Digital Product Manager, Design Ops · Southwest Airlines
IFE Starlink Portal
Known internally as Project Firework, the Southwest inflight Wi-Fi portal is the experience customers encounter when they connect to the T-Mobile-powered Starlink network on their own phones, tablets, and laptops during a Southwest flight. This isn't a seatback entertainment system — it's a lightweight, device-agnostic portal designed to work on whatever the passenger brought onboard.
Context
Inflight Wi-Fi portals occupy a specific and often underserved design space. They run in a constrained environment — browser-based, on hardware the team doesn't control, in a connectivity context that ranges from smooth to unreliable.

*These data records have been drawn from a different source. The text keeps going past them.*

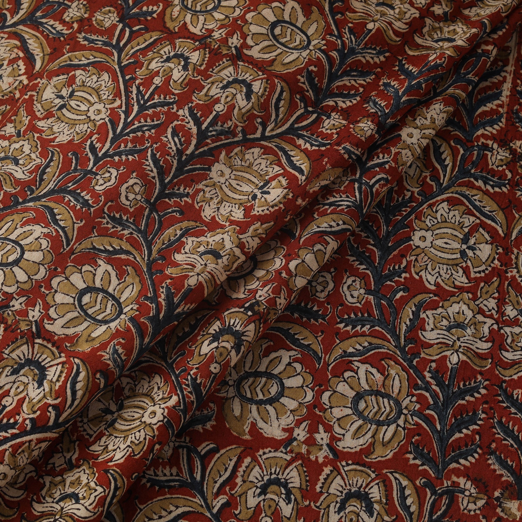 Natural Dyed Hand Block Print Cotton Pedana Kalamkari Fabric 38
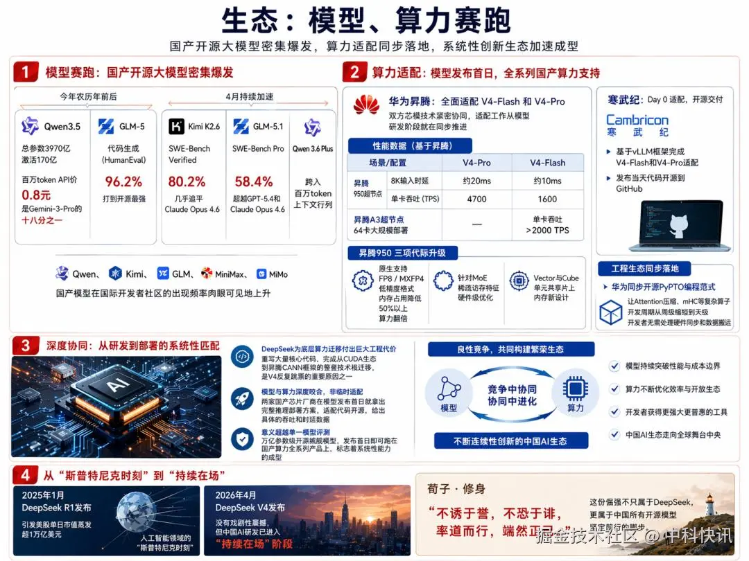 第四,生态协同已成定局。 华为昇腾(A2/A3/950)、寒武纪等国产算力厂商已完成Day 0适配与代码开源,系统性地完成了从CUDA到CANN的迁移,证明中国AI研发的系统性创新能力。
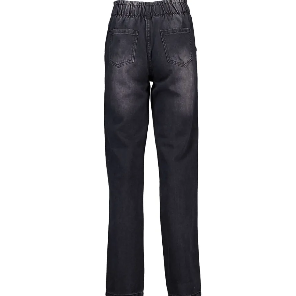 Ce jean noir est confectionné en 100 % coton et présente une coupe droite. Ce pantalon en denim est doté d’une taille élastique avec fermeture à bouton. Aucun motif distinctif ni détail supplémentaire n’est visible. Grâce à sa coupe confortable, ce jean convient parfaitement à un usage quotidien. Il s’associe facilement avec différents hauts.
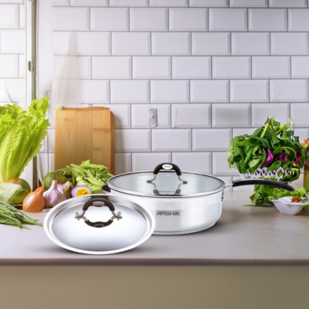 ماهیتابه استیل دو دسته عرشیا بههمراه دو درب (استیل و شیشهای) 30 سانتیمتر مدل SS014-3312
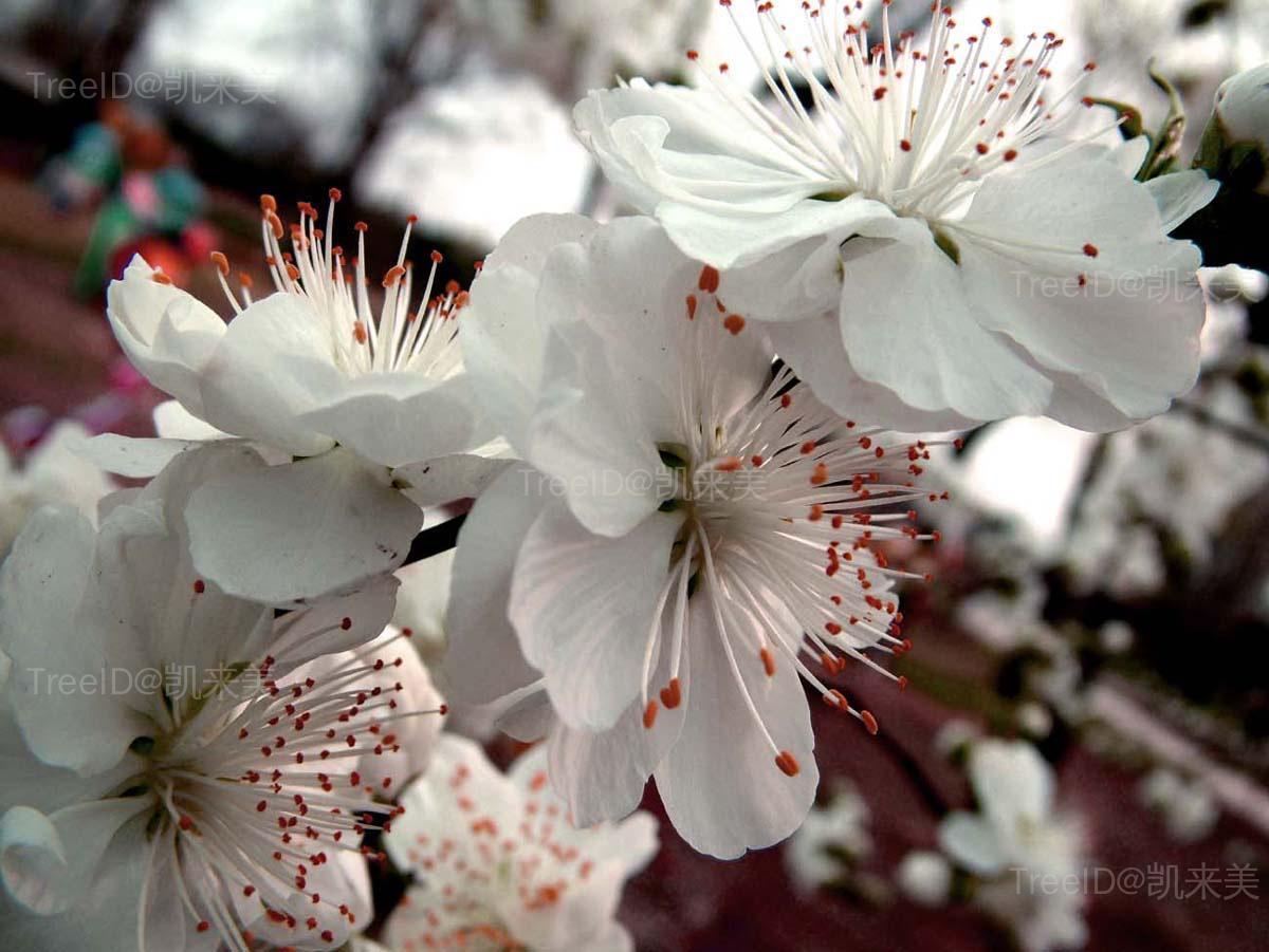 花白色,花蕾卵形,花瓣卵形,长1.83厘米,花径4.3厘米,复瓣,梅花型,花瓣数18枚(16-23);雄蕊数平均73.5,花丝长1.83厘米,雄蕊与花瓣近等长,花药黄色;无雌蕊;着花密;花梗长0.53厘米;萼片绿色,两轮,卵状;花丝和萼片均有瓣化现象。花期在所有桃花品种中最早,在北京地区4月上旬即可盛花。

Customers arrive at the portal with a simple goal: get online. The design job is to get out of their way.
The Design Ops lens
This project was a Design Ops effort, not a solo one. The team brought Heart DS components and patterns to bear on a product context that had its own constraints: varied device sizes, limited session context, and the need to work in both light and dark conditions depending on cabin lighting. My role was to guide the design direction, manage the team's work, and ensure the approach held together across those variables.
Heart DS in a new environment
Bringing HDS to the portal was an opportunity to validate the system in yet another product context beyond the core southwest.com surfaces. It confirmed that the token architecture and component library could flex to a stripped-down, portal-style experience without losing coherence — useful signal for future products that live at the edges of the Southwest digital ecosystem.
Outcome
The Starlink portal launched in Q4 2025 as part of Southwest's T-Mobile inflight connectivity rollout. It gave passengers a cleaner, more intentional first touchpoint when connecting inflight, and gave the design system team another real-world proof point for HDS beyond the web.